## ACTIVITY
Return the lines below exactly, from the first line to the line that contains "Talathi Syllabus : Marathi Language". Leave out pictures.

## AVAILABLE DATA
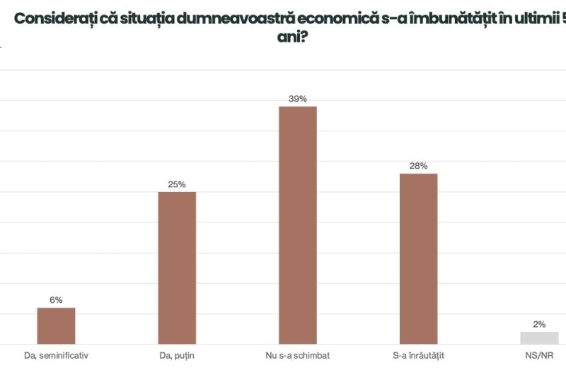 În ceea ce privește situație economică din ultimii 5 ani, românii spun că aceasta este fie neschimbată, fie înrăutățită. Și nici prea optimiști nu sunt că se va schimba ceva, în viitorul apropiat.
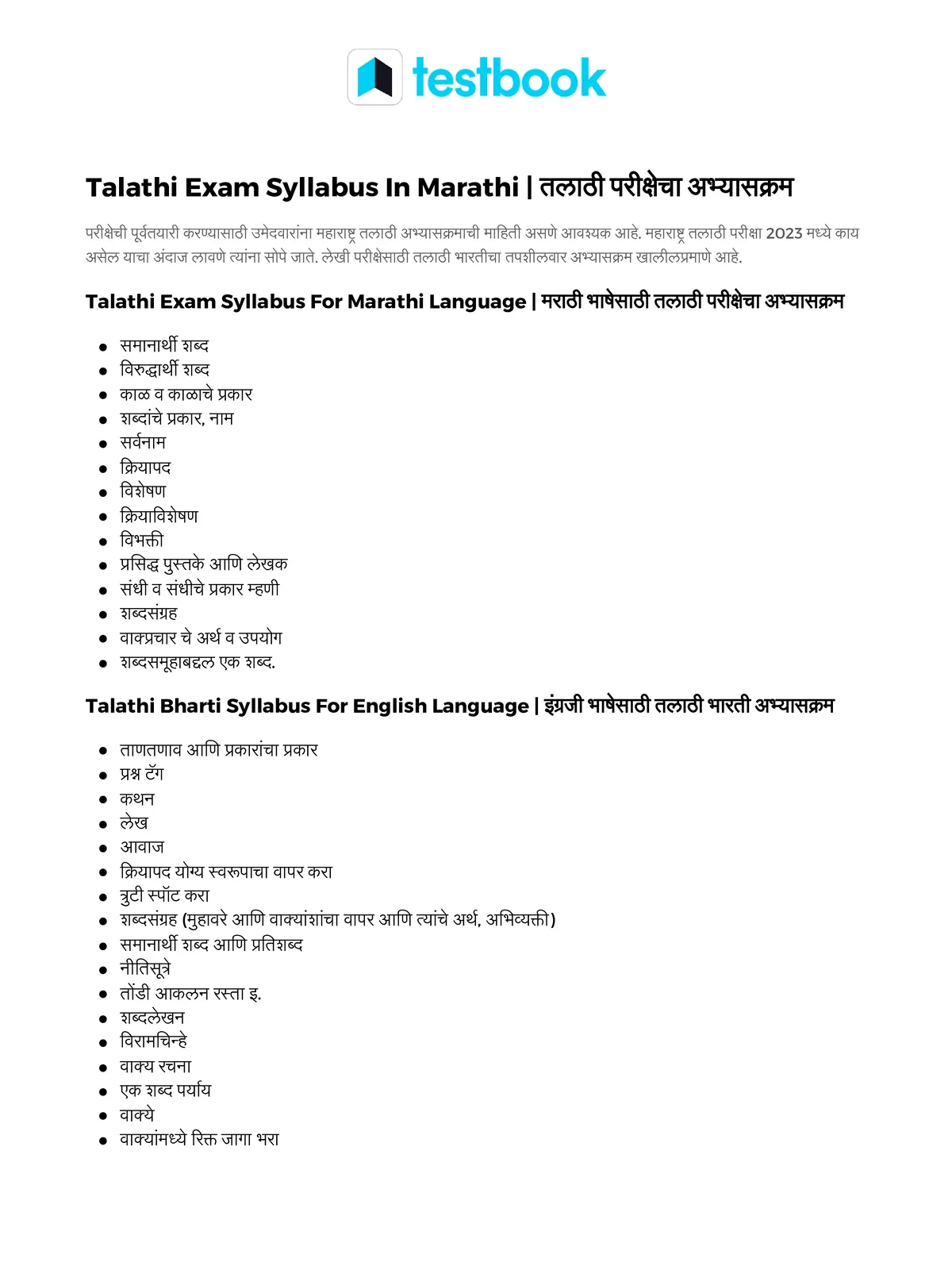 Talathi Syllabus : Marathi Language
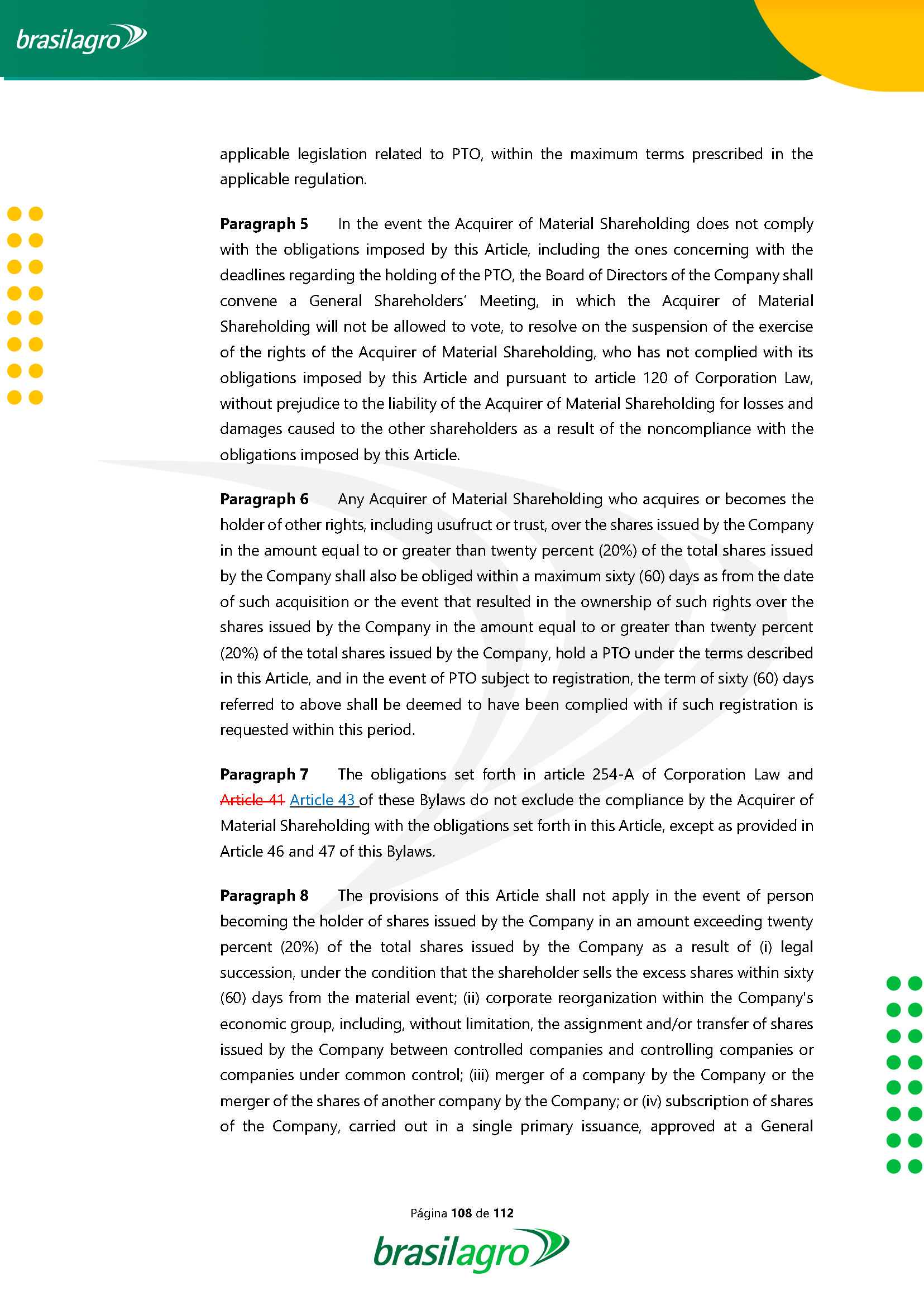 applicable legislation related to PTO, within the maximum terms prescribed in the applicable regulation . Paragraph 5 In the event the Acquirer of Material Shareholding does not comply with the obligations imposed by this Article, including the ones concerning with the deadlines regarding the holding of the PTO, the Board of Directors of the Company shall convene a General Shareholders’ Meeting, in which the Acquirer of Material Shareholding will not be allowed to vote, to resolve on the suspension of the exercise of the rights of the Acquirer of Material Shareholding, who has not complied with its obligations imposed by this Article and pursuant to article 120 of Corporation Law, without prejudice to the liability of the Acquirer of Material Shareholding for losses and damages caused to the other shareholders as a result of the noncompliance with the obligations imposed by this Article . Paragraph 6 Any Acquirer of Material Shareholding who acquires or becomes the holder of other rights, including usufruct or trust, over the shares issued by the Company in the amount equal to or greater than twenty percent ( 20 % ) of the total shares issued by the Company shall also be obliged within a maximum sixty ( 60 ) days as from the date of such acquisition or the event that resulted in the ownership of such rights over the shares issued by the Company in the amount equal to or greater than twenty percent ( 20 % ) of the total shares issued by the Company, hold a PTO under the terms described in this Article, and in the event of PTO subject to registration, the term of sixty ( 60 ) days referred to above shall be deemed to have been complied with if such registration is requested within this period . Paragraph 7 The obligations set forth in article 254 - A of Corporation Law and Article 41 Article 43 of these Bylaws do not exclude the compliance by the Acquirer of Material Shareholding with the obligations set forth in this Article, except as provided in Article 46 and 47 of this Bylaws . Paragraph 8 The provisions of this Article shall not apply in the event of person becoming the holder of shares issued by the Company in an amount exceeding twenty percent ( 20 % ) of the total shares issued by the Company as a result of (i) legal succession, under the condition that the shareholder sells the excess shares within sixty ( 60 ) days from the material event ; (ii) corporate reorganization within the Company's economic group, including, without limitation, the assignment and/or transfer of shares issued by the Company between controlled companies and controlling companies or companies under common control ; (iii) merger of a company by the Company or the merger of the shares of another company by the Company ; or (iv) subscription of shares of the Company, carried out in a single primary issuance, approved at a General Página 108 de 112

## RESPONSE FOR THIS EXERCISE
 În ceea ce privește situație economică din ultimii 5 ani, românii spun că aceasta este fie neschimbată, fie înrăutățită. Și nici prea optimiști nu sunt că se va schimba ceva, în viitorul apropiat.
 Talathi Syllabus : Marathi Language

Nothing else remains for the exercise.